### Your instructions
Copy out exactly, from the entries that follow, the line holding "Ingredients Defrutum Balsamic", the line holding "Wallpaper A small", and all lines between them, but no pictures.

### Records for the exercise

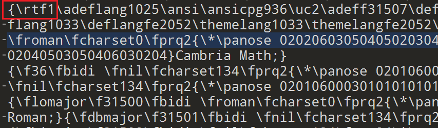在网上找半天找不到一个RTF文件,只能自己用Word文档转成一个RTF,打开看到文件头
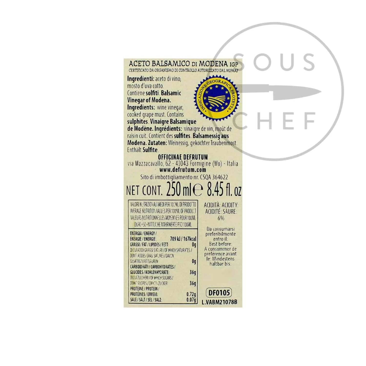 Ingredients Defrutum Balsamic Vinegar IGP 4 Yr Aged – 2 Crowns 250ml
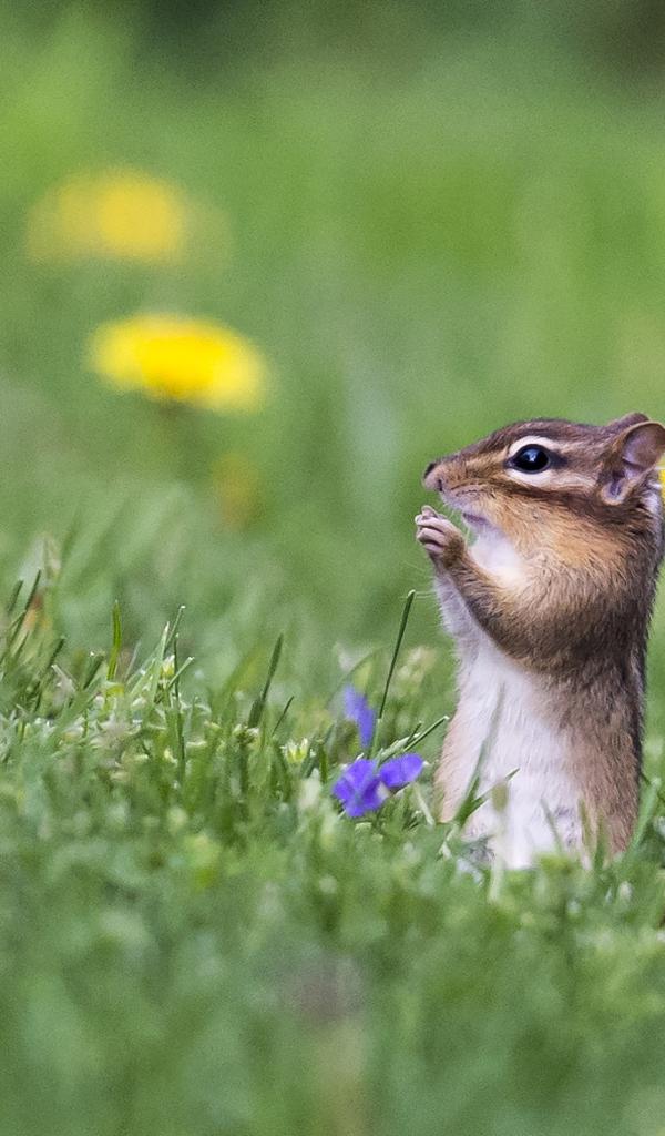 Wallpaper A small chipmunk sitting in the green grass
---
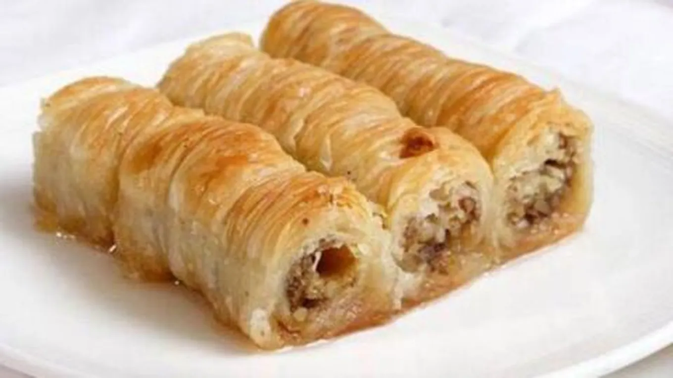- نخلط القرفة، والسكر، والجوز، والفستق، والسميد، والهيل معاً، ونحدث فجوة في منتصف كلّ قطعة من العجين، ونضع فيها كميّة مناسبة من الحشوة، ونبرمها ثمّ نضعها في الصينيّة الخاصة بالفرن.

### Task result
 Ingredients Defrutum Balsamic Vinegar IGP 4 Yr Aged – 2 Crowns 250ml
 Wallpaper A small chipmunk sitting in the green grass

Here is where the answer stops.